EASILY down to 40 hz maybe lower. WITH LOTS OF AUTHORITY (seriously, i kept looking at them and laughing when i first turned them on and heard what they were doing)

its some of the the cleanest deepest smoothest most musical bass ive ever heard, and its a 5.5" driver.(sounds like a clean 10" sub)

mids and highs are 'recessed' but i like the overall sound personally.(transparent warm n bassy with some mids n highs thrown in)

its easily possible i will buy another pair and try them in my van as a dedicated mid, or build some speakers for a friend, or both.

so many people get hung up on forum boners and cost (if it isnt expensive it cant be good)

wrong imo.

if your bored model them in my box for me, im sure there is a big hump from 120-30hz 


https://www.madisound.com/store/product_info.php?products_id=843

this is why i wanted to try them


"the unique properties of the Silver Flute 8 inch wool cone drivers. Unique because they require one of the smallest enclosures for an 8 inch woofer anywhere in the world. Unique because they are an honest 94dB efficient with a single watt of power. Unique because they have nearly flawless frequency balance out past 6kHz with no crossover of any kind. The result is simply unbelievable performance that trounces many floor standing speakers 3 times their size"
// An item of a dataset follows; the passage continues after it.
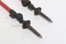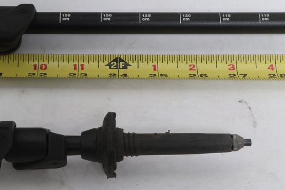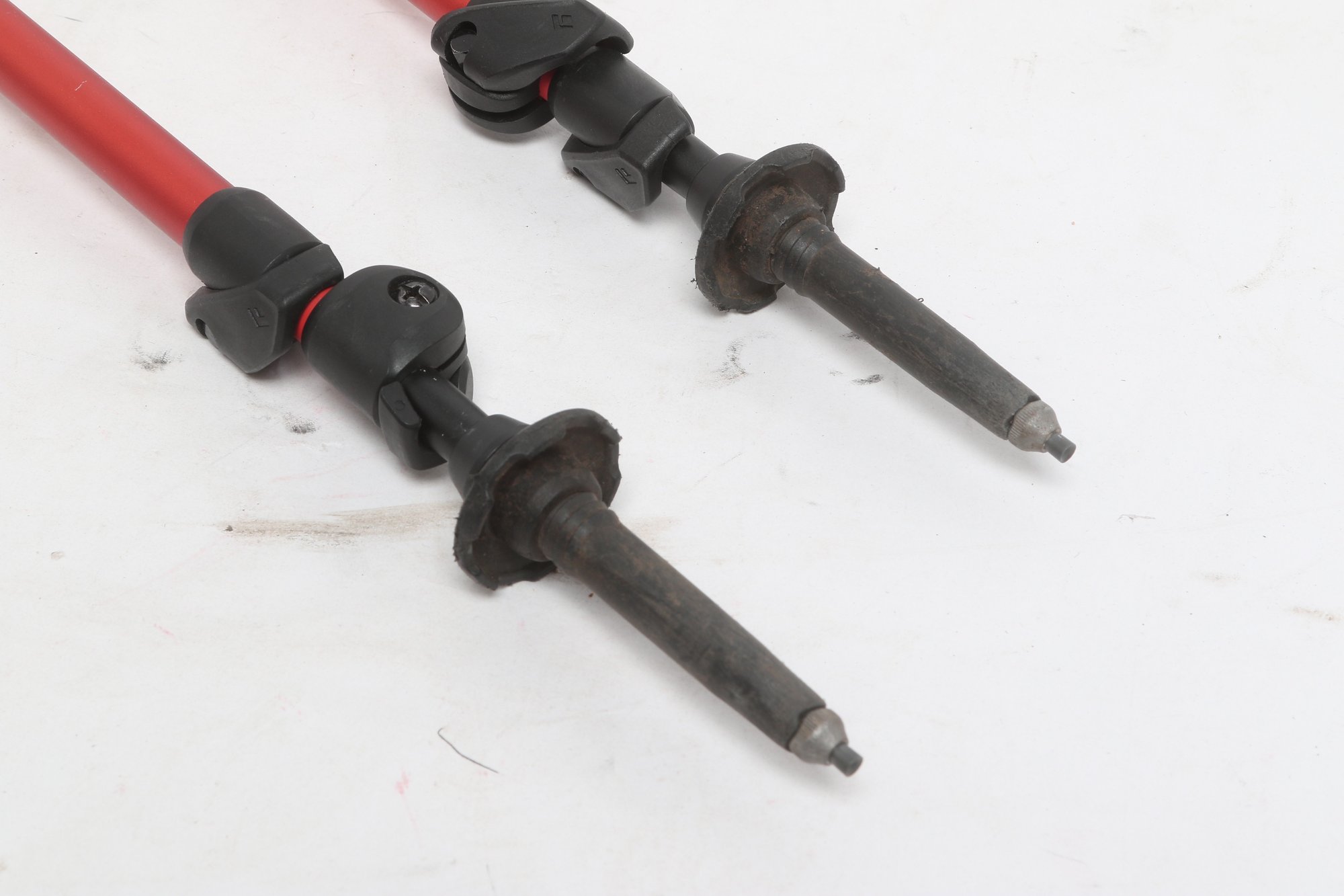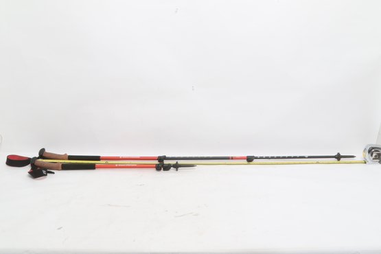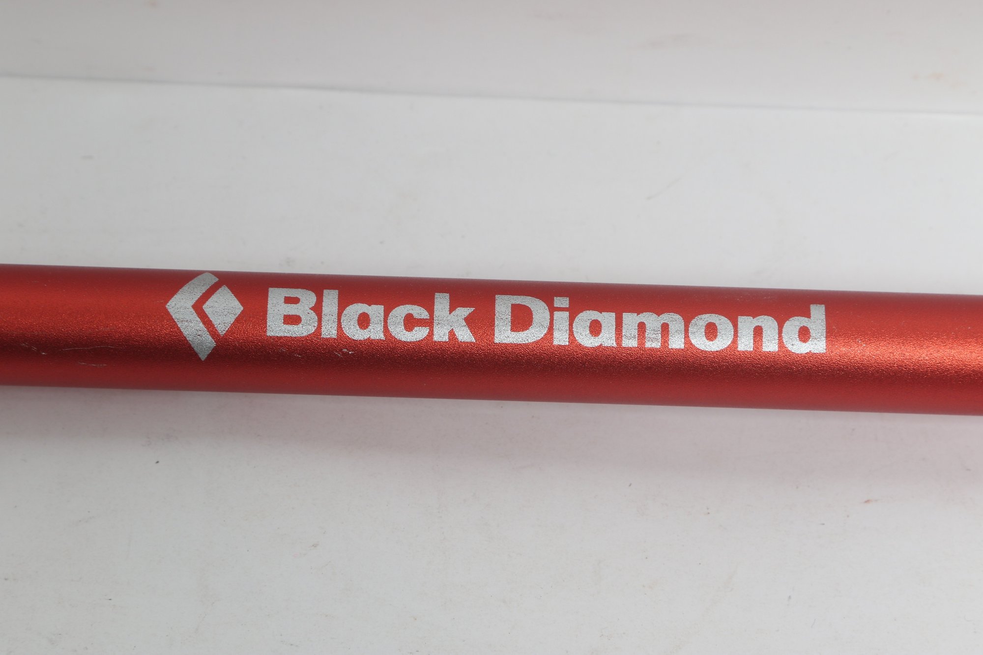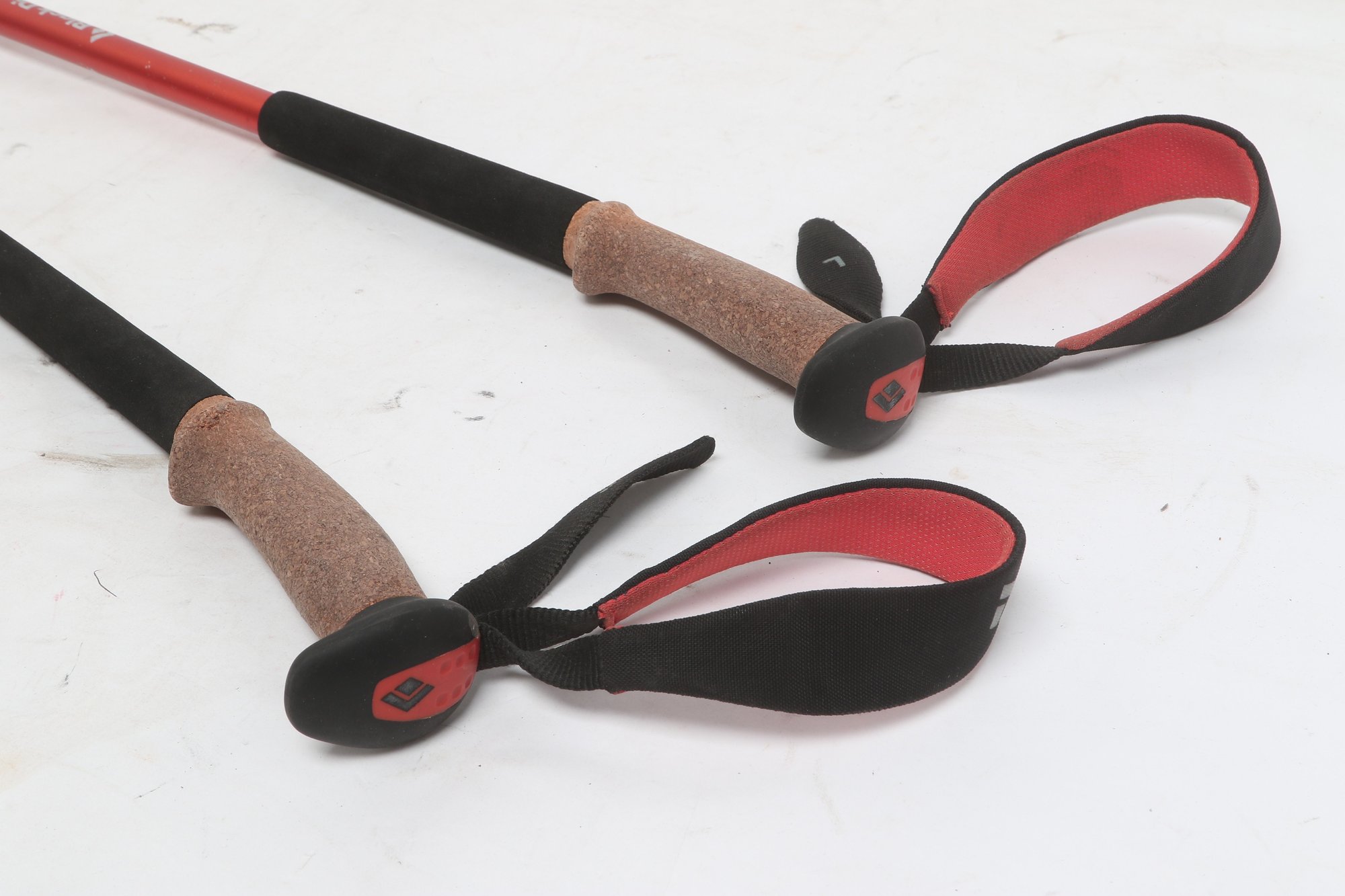 Pair of Black Diamond Trail Ergo trekking poles featuring durable aluminum construction with ergonomic cork handles and FlickLock adjustability. Designed for hiking and outdoor use with adjustable length and sturdy tips. Pre-owned with light wear from use, overall in good condition.

http://www.decware.com/newsite/DM945.html


----------



## Mless5 (Aug 21, 2006)

Thanks for the review. 
Are you using them without a tweeter? Would it be a good idea to throw one in? I've been looking for a pair of DIY bookshelves for a while...

Thanks.


----------



## 60ndown (Feb 8, 2007)

Mless5 said:


> Thanks for the review.
> Are you using them without a tweeter? Would it be a good idea to throw one in? I've been looking for a pair of DIY bookshelves for a while...
> 
> Thanks.


no tweeter, 

ive been listening to fostex 167e for a long time with no tweeter, im used to the sound.

given the choice between 

the transparency of a full range driver with no x over

or

a 2/3 way speaker with crossovers (veiled)

for any longer listening sessions (1 hour +) i enjoy the full range more.

id recc you try a pair without a tweeter first, give it a few days to get used to the sound, if you want a tweeter you can always add one.

for a few dollars more you can get the 8", and the response curve is even smoother..

https://www.madisound.com/store/product_info.php?manufacturers_id=150&products_id=848


----------



## niceguy (Mar 12, 2006)

I had (still have) the 6.5" versions over 5 years ago in my work van....very capable driver and popular among the DIY for some time. Glad you like the smaller version...


----------